◆ TASK PROMPT ◆
Transcribe exactly the lines that fall between the one holding "Palomares, M. L." and the one holding "An intricate openwork", inclusive, from the entries below.

Records from a collection:
▬▬▬▬▬▬
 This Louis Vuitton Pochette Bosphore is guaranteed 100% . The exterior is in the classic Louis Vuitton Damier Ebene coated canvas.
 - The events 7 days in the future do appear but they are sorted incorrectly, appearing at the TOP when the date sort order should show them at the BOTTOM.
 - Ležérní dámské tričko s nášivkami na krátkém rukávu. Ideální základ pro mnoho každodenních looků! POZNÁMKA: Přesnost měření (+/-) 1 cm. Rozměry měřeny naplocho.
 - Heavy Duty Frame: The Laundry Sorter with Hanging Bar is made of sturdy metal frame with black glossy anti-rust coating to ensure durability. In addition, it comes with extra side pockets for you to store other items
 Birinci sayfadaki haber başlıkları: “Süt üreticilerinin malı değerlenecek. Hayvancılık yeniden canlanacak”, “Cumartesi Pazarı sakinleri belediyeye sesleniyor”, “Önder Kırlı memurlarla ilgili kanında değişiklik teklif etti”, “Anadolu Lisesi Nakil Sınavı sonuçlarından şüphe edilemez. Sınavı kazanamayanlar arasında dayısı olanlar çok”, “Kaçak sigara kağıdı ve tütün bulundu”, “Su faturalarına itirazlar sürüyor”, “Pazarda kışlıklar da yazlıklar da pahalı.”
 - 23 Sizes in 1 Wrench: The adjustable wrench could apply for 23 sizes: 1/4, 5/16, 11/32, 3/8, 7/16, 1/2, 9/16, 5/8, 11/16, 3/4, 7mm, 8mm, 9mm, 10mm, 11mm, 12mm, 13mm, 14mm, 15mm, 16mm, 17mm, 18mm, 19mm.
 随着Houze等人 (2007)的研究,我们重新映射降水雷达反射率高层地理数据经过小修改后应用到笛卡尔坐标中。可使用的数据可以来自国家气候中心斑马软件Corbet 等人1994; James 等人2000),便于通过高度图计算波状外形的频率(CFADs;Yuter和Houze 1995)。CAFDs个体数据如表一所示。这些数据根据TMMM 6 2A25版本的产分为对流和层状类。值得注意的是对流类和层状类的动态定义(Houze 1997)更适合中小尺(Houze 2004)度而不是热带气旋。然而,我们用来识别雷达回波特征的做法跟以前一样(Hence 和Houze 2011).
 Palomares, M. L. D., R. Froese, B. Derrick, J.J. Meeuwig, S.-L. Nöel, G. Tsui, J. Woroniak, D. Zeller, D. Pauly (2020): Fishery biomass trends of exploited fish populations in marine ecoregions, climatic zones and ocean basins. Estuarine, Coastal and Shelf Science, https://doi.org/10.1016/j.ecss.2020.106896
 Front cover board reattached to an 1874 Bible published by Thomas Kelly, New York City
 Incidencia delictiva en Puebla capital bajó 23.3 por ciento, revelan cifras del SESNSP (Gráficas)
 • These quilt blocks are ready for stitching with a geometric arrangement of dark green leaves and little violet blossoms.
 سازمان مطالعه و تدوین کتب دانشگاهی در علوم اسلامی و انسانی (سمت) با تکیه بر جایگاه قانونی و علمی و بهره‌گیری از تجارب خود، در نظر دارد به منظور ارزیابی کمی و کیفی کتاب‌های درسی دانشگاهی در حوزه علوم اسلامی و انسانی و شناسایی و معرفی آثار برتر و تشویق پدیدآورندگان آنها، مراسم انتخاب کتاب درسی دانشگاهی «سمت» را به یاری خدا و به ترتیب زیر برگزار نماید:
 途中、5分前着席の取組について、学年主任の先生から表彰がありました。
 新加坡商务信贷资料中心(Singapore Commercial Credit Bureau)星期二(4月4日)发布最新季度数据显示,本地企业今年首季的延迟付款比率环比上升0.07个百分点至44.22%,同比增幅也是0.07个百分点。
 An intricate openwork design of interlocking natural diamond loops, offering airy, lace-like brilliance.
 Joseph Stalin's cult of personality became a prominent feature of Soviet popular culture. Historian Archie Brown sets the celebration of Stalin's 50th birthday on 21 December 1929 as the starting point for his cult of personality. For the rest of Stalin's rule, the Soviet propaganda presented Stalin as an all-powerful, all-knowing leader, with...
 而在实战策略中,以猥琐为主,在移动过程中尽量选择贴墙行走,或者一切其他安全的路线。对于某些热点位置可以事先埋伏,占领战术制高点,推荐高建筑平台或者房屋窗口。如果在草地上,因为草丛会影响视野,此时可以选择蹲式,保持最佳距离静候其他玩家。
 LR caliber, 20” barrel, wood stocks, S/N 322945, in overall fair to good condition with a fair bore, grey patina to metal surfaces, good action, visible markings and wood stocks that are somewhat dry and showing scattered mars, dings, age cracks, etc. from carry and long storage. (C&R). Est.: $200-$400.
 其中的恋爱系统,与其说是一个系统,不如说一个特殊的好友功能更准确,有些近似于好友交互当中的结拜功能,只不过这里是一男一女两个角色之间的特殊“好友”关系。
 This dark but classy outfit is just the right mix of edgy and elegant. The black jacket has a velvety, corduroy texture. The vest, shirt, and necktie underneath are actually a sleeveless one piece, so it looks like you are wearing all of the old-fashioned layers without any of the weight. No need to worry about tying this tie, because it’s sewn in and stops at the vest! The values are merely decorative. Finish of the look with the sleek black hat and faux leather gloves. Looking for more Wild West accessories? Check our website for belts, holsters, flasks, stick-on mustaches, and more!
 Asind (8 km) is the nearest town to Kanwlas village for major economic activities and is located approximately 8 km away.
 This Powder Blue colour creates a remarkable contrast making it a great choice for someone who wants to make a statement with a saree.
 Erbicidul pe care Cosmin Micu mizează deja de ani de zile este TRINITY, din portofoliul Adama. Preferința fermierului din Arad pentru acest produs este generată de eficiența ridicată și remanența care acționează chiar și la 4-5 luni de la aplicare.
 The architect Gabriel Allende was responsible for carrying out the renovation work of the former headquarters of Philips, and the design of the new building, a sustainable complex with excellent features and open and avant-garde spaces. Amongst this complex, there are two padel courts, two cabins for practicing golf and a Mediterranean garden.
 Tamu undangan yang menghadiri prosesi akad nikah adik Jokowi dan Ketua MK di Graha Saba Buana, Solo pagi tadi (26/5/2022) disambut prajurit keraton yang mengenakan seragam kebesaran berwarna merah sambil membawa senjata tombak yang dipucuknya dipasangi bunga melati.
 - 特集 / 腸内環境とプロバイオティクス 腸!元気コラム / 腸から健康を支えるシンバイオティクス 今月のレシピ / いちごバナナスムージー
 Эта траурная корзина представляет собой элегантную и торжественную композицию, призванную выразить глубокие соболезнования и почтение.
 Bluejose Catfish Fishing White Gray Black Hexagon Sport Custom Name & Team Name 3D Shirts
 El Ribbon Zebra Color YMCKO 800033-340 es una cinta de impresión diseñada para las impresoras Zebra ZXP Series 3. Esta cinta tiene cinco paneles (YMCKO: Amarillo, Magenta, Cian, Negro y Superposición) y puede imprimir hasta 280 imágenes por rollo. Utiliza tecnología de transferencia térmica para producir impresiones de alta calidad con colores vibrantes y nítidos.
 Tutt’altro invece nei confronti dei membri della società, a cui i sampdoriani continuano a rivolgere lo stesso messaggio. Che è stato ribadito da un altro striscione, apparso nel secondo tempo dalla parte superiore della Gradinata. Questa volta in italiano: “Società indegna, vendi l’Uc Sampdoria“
▬▬▬▬▬▬
◆ YOUR SOLUTION ◆
 Palomares, M. L. D., R. Froese, B. Derrick, J.J. Meeuwig, S.-L. Nöel, G. Tsui, J. Woroniak, D. Zeller, D. Pauly (2020): Fishery biomass trends of exploited fish populations in marine ecoregions, climatic zones and ocean basins. Estuarine, Coastal and Shelf Science, https://doi.org/10.1016/j.ecss.2020.106896
 Front cover board reattached to an 1874 Bible published by Thomas Kelly, New York City
 Incidencia delictiva en Puebla capital bajó 23.3 por ciento, revelan cifras del SESNSP (Gráficas)
 • These quilt blocks are ready for stitching with a geometric arrangement of dark green leaves and little violet blossoms.
 سازمان مطالعه و تدوین کتب دانشگاهی در علوم اسلامی و انسانی (سمت) با تکیه بر جایگاه قانونی و علمی و بهره‌گیری از تجارب خود، در نظر دارد به منظور ارزیابی کمی و کیفی کتاب‌های درسی دانشگاهی در حوزه علوم اسلامی و انسانی و شناسایی و معرفی آثار برتر و تشویق پدیدآورندگان آنها، مراسم انتخاب کتاب درسی دانشگاهی «سمت» را به یاری خدا و به ترتیب زیر برگزار نماید:
 途中、5分前着席の取組について、学年主任の先生から表彰がありました。
 新加坡商务信贷资料中心(Singapore Commercial Credit Bureau)星期二(4月4日)发布最新季度数据显示,本地企业今年首季的延迟付款比率环比上升0.07个百分点至44.22%,同比增幅也是0.07个百分点。
 An intricate openwork design of interlocking natural diamond loops, offering airy, lace-like brilliance.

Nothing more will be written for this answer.